** Opening The input block **

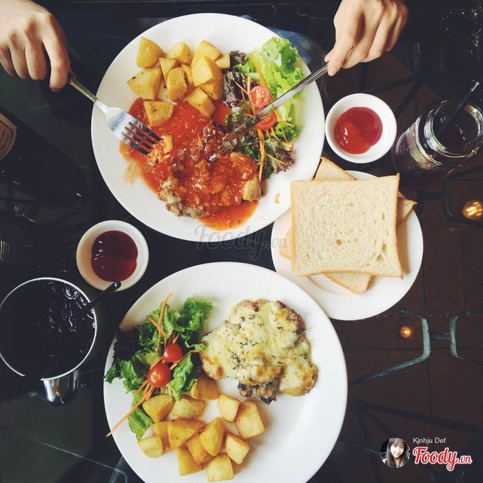 Quán được trang trí nhẹ nhàng theo phong cách Tây và có view siêu dễ thương, thích hợp để chụp hình check-in cùng người yêu. Các món có giá từ 59k-120k, không đắt, bạn sẽ thích thú với vị sốt kem béo ngậy. Sau khi ăn món chính, bạn cũng có thể thưởng thức các món tráng miệng ở tầng 2.
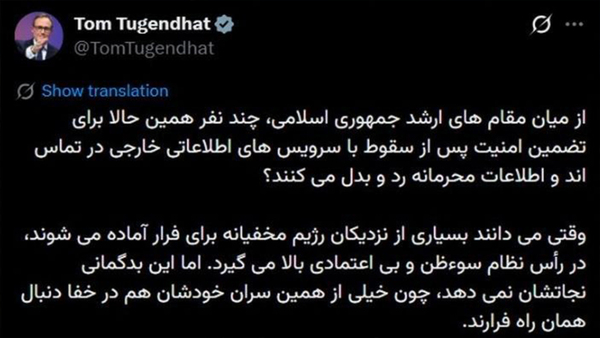تام توگندات، وزیر پیشین امنیت بریتانیا و رئیس سابق کمیته امور خارجی پارلمان، با انتشار پیامی کمسابقه به زبان فارسی در شبکه اجتماعی ایکس، از تشدید بحران اعتماد در بالاترین سطوح قدرت رژیم ایران پرده برداشت .
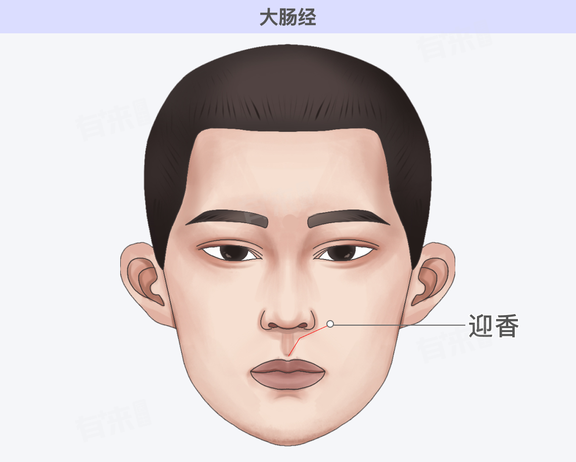 - 位置:大肠经在头部的循行起于食指桡侧端,经过手背行于上肢外侧前缘,上肩,至肩关节前缘,向后到第七颈椎棘突下,再向前下行入缺盆,进入胸腔络肺,向下通过膈肌下行至大肠,其支脉从锁骨上窝上行,经颈部至面颊,入下齿中,回出挟口两旁,左右交叉于人中,至对侧鼻翼旁。
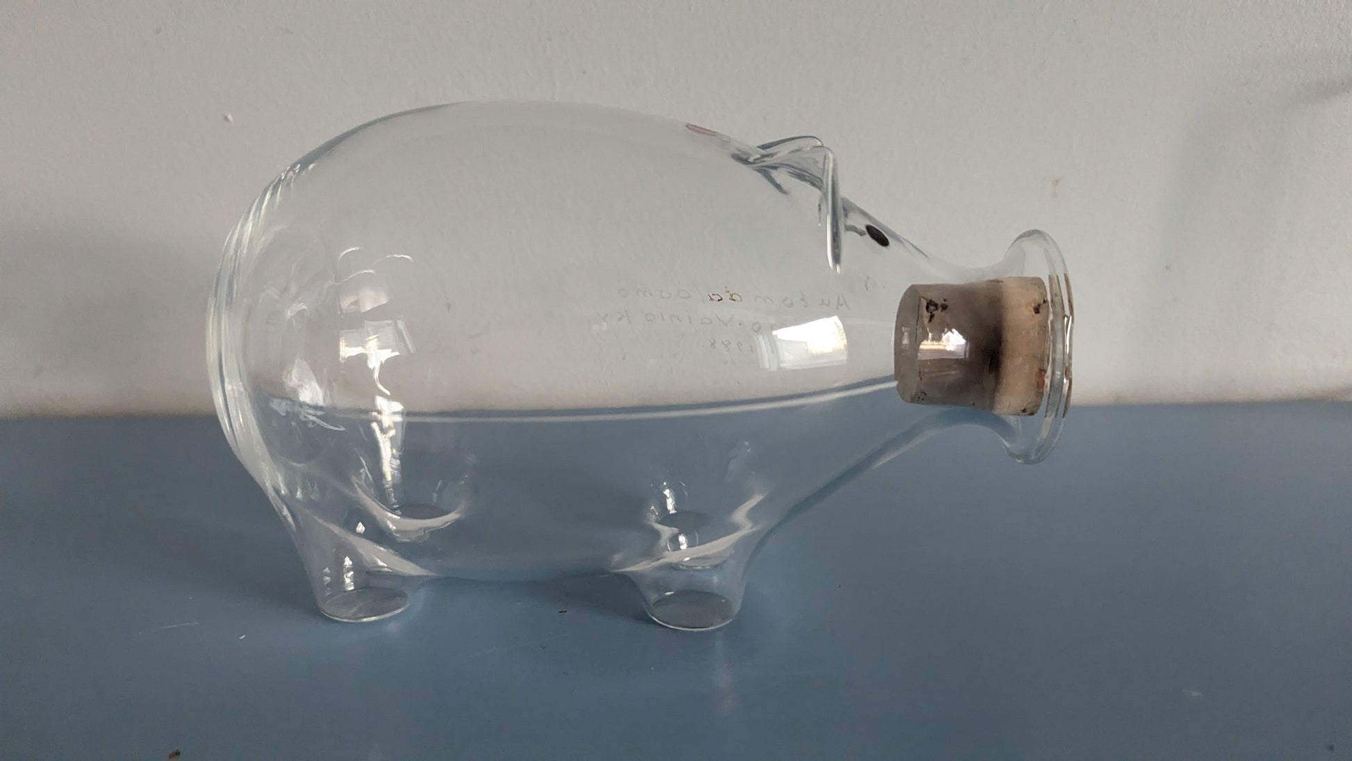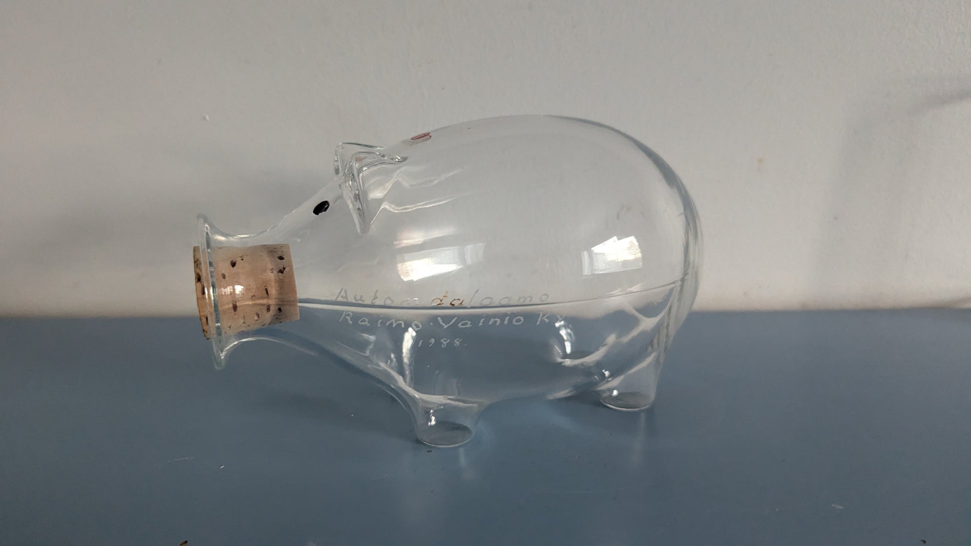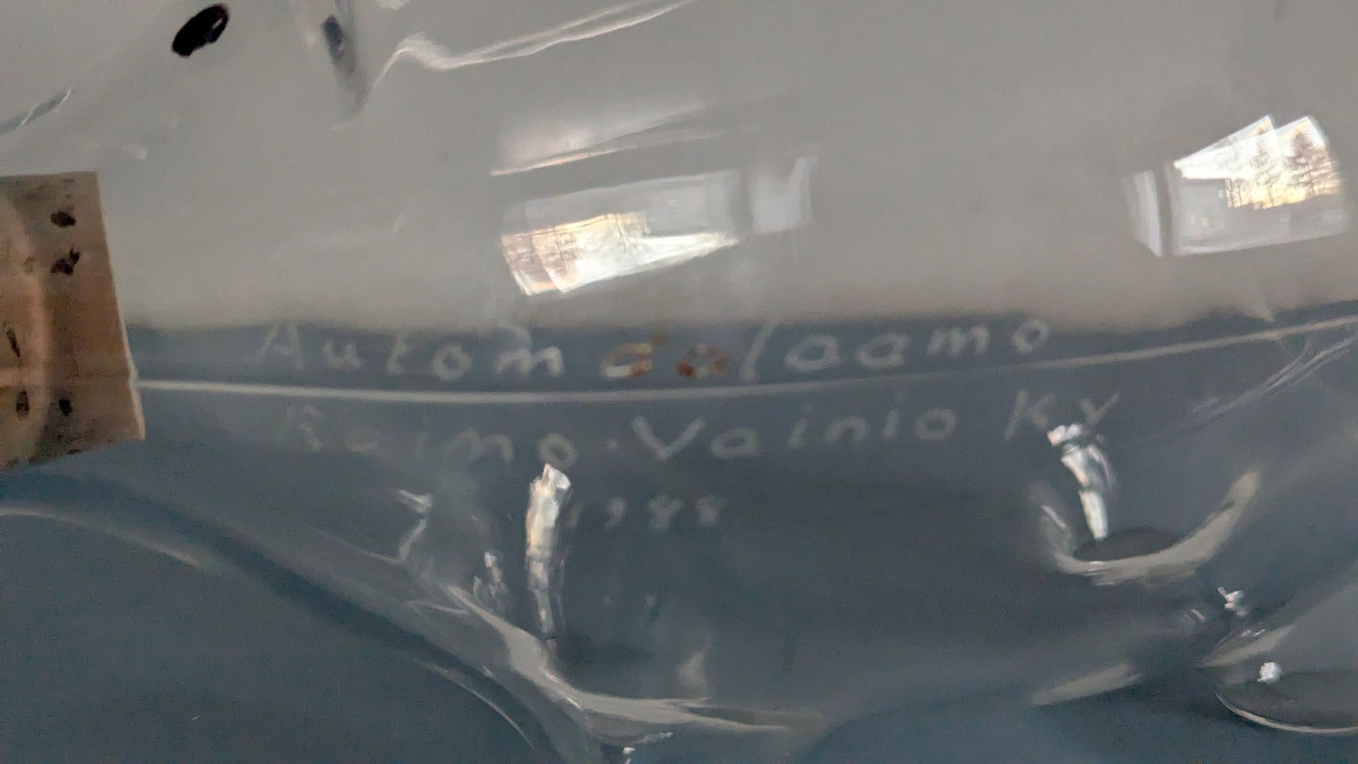 Iittalan tarra vielä tallella. Ei iskemiä tai halkeamia. Toisessa kyljessä kaiverrus "Automaalaamo Raimo Vainio Ky 1988"
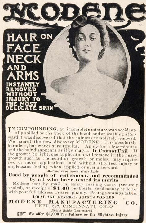 This is an original 1907 black and white print ad for Modene --a hair remover from the Modene Manufacturing Co., Cincinnati, Ohio.
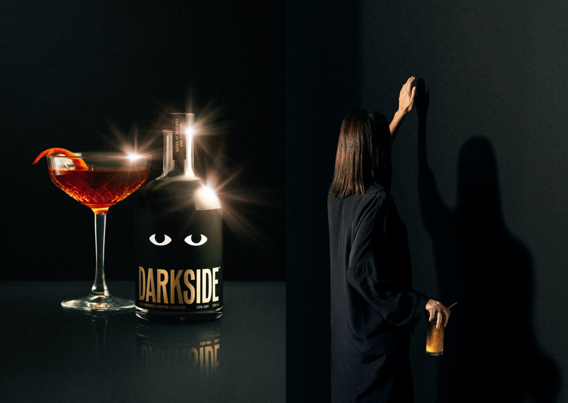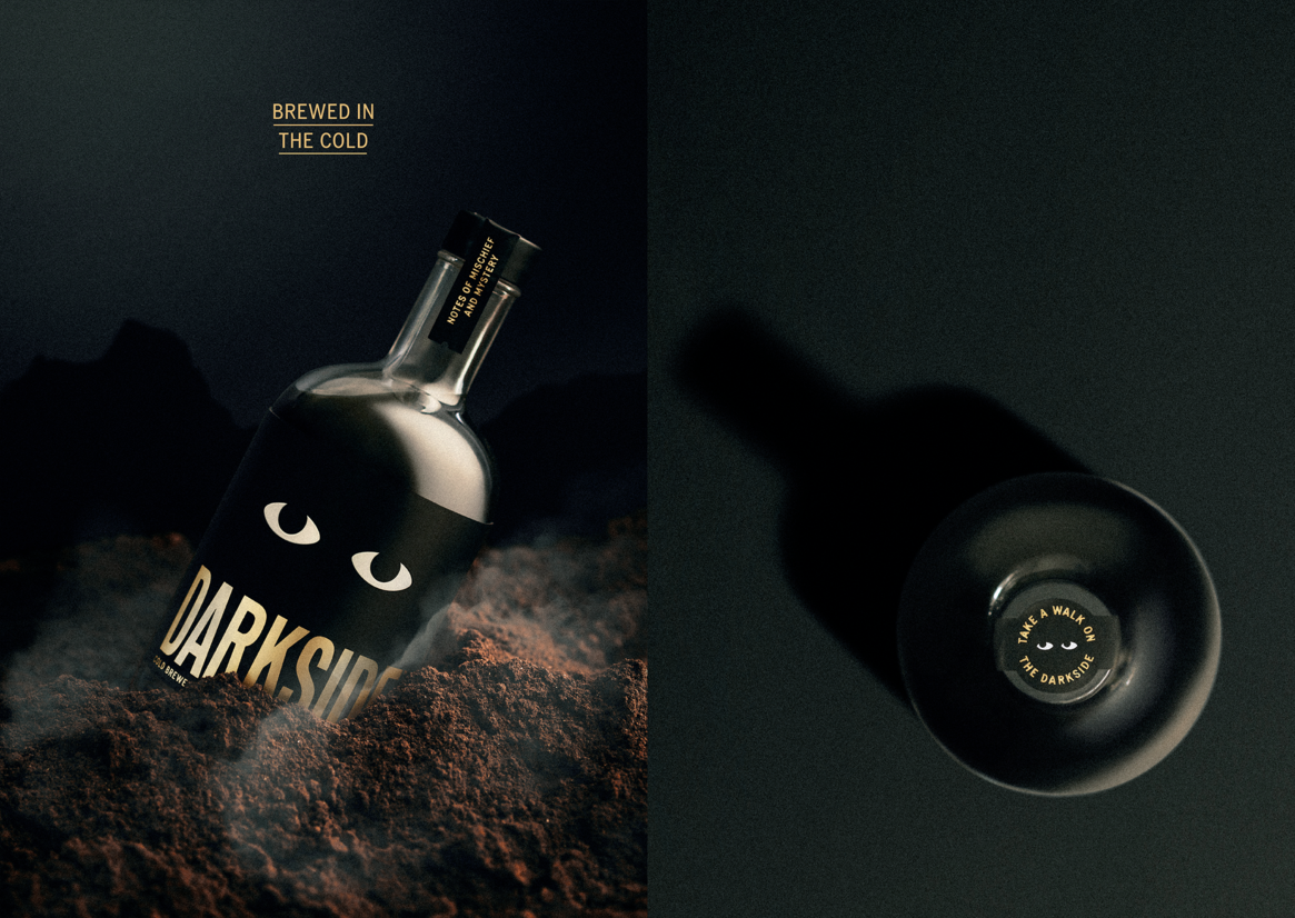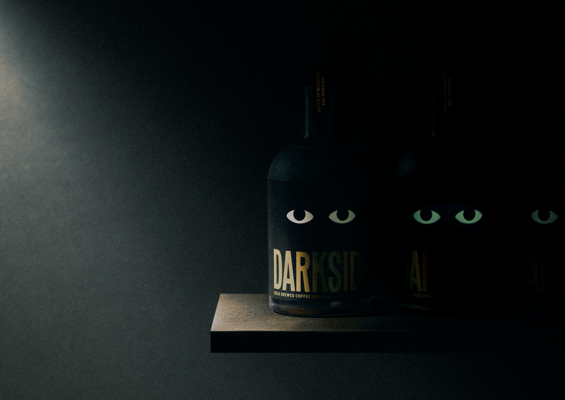 Our design exploration took a sharp turn to the dark side when tasked with bringing new energy and a more playful attitude to spirits via Darkside coffee liqueur.
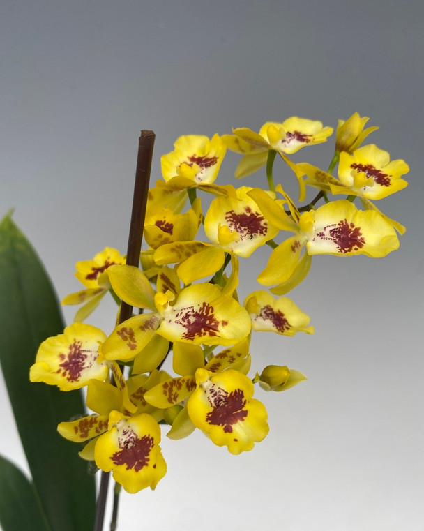 An intergeneric Oncidium hybrid that remains compact with flower spikes that range from 12 to 18 inches in height (on the taller side as they age). They have a very light, refreshing fragrance. These open with a non-resupinate lip (upside down flower), but over time they turn over to normal display.
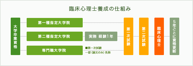 臨床心理士になるには、当協会の資格試験に合格することが必須要件となります。ただし資格試験を受けるためには、あらかじめ臨床心理士養成に関する指定大学院または専門職大学院の修了を基本モデルとする“受験資格”の取得が必要です。
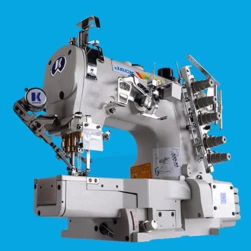 Automatic Jack cylinder bed interlock machine for the textile industry. Features a 5000-6000 stitch/min speed and 4mm max stitch length. Stainless steel body, 54kg weight.
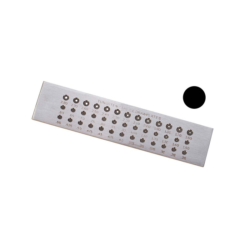Tungsten carbide inserts are permanently fixed in marked steel plates. The angle of reduction is made to exact specifications for the smoothest possible pull, features 39 hole sizes ranging from 2.80 mm to 0.26 mm.
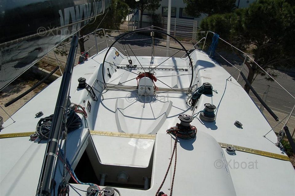 Este velero también está equipado con numerosas opciones de seguridad y navegación, como un GPS, un sonar, un piloto automático y sistemas de comunicación modernos. La COREL 45 - CLASE IC45 es un barco versátil, perfecto para largos cruceros así como para regatas.
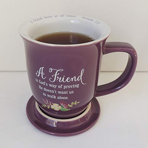 A great way to share a cozy morning coffee with a close friend! Complete with meaningful messages, this is the perfect gift to give a friend to show how much you care. Our stylish and inspiring coaster mug features an adorable floral design and the heartwarming message “A friend is God’s way of proving He doesn’t want us to walk alone” on either side. “A friend loves at all times. Proverbs 17:17” is written on the matching coaster and around the inside rim. Our adorable coaster mugs are designed by our talented in-house artists and are made of quality microwave and dishwasher safe ceramic with a glossy finish. Each mug is 4 ½ “ high, with 4” diameter coaster, and holds 14 oz. Abbey & CA Gift is a family-owned and operated designer, manufacturer, and wholesale distributor of distinctive inspirational giftware. Through our vast product lines of heart-warming, beautifully crafted gifts, we help our customers celebrate and connect with their loved ones. Whether you are looking for anniversary, baby or bereavement items or you are looking for impulse items such as key rings, companion coins, pocket tokens, visor clips, face masks, or jewelry, we have a gift for everyone on your list.
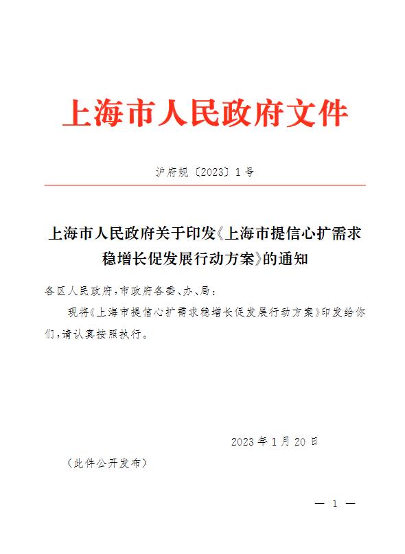 中新網(wǎng)1月29日電 據(jù)上海發(fā)布微信公眾號29日消息,為全面貫徹黨的二十大和中央經(jīng)濟工作會議精神,落實市第十二次黨代會和十二屆市委二次全會部署,抓牢高質(zhì)量發(fā)展首要任務(wù),大力提振市場預期和信心,推動經(jīng)濟社會發(fā)展開好局起好步,近期上海市制定了《上海市提信心擴需求穩(wěn)增長促發(fā)展行動方案》(以下簡稱《行動方案》)。
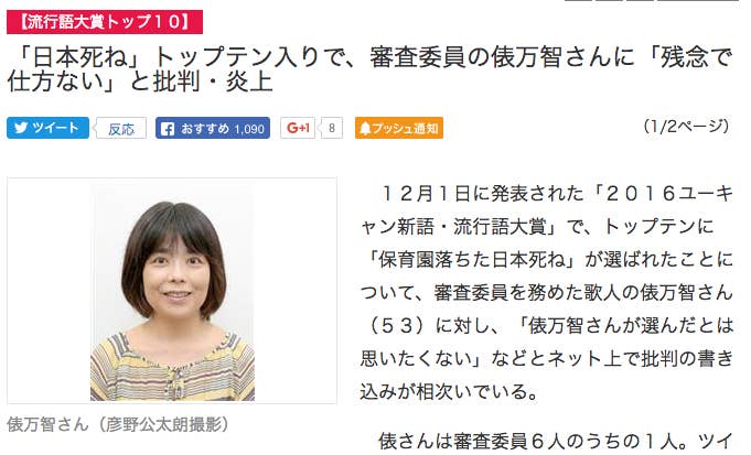 俵万智は流行語大賞で 日本死ね を推していた ツイッターにその形跡が ガールズちゃんねる Girls Channel
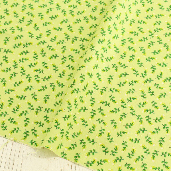 輸入生地 生地 グリーン地 葉っぱ 白いつぼみ Free Sprit フリースピリット USAプリント (最低単位30cm〜10cm単位の切売)

** Closing The input block **

-- Your objective --
Repeat word for word the lines above, from the first entry through the line containing "Automatic Jack cylinder", with both ends kept and the pictures dropped.

-- Answer section --
 Quán được trang trí nhẹ nhàng theo phong cách Tây và có view siêu dễ thương, thích hợp để chụp hình check-in cùng người yêu. Các món có giá từ 59k-120k, không đắt, bạn sẽ thích thú với vị sốt kem béo ngậy. Sau khi ăn món chính, bạn cũng có thể thưởng thức các món tráng miệng ở tầng 2.
تام توگندات، وزیر پیشین امنیت بریتانیا و رئیس سابق کمیته امور خارجی پارلمان، با انتشار پیامی کمسابقه به زبان فارسی در شبکه اجتماعی ایکس، از تشدید بحران اعتماد در بالاترین سطوح قدرت رژیم ایران پرده برداشت .
 - 位置:大肠经在头部的循行起于食指桡侧端,经过手背行于上肢外侧前缘,上肩,至肩关节前缘,向后到第七颈椎棘突下,再向前下行入缺盆,进入胸腔络肺,向下通过膈肌下行至大肠,其支脉从锁骨上窝上行,经颈部至面颊,入下齿中,回出挟口两旁,左右交叉于人中,至对侧鼻翼旁。
 Iittalan tarra vielä tallella. Ei iskemiä tai halkeamia. Toisessa kyljessä kaiverrus "Automaalaamo Raimo Vainio Ky 1988"
 This is an original 1907 black and white print ad for Modene --a hair remover from the Modene Manufacturing Co., Cincinnati, Ohio.
 Our design exploration took a sharp turn to the dark side when tasked with bringing new energy and a more playful attitude to spirits via Darkside coffee liqueur.
 An intergeneric Oncidium hybrid that remains compact with flower spikes that range from 12 to 18 inches in height (on the taller side as they age). They have a very light, refreshing fragrance. These open with a non-resupinate lip (upside down flower), but over time they turn over to normal display.
 臨床心理士になるには、当協会の資格試験に合格することが必須要件となります。ただし資格試験を受けるためには、あらかじめ臨床心理士養成に関する指定大学院または専門職大学院の修了を基本モデルとする“受験資格”の取得が必要です。
 Automatic Jack cylinder bed interlock machine for the textile industry. Features a 5000-6000 stitch/min speed and 4mm max stitch length. Stainless steel body, 54kg weight.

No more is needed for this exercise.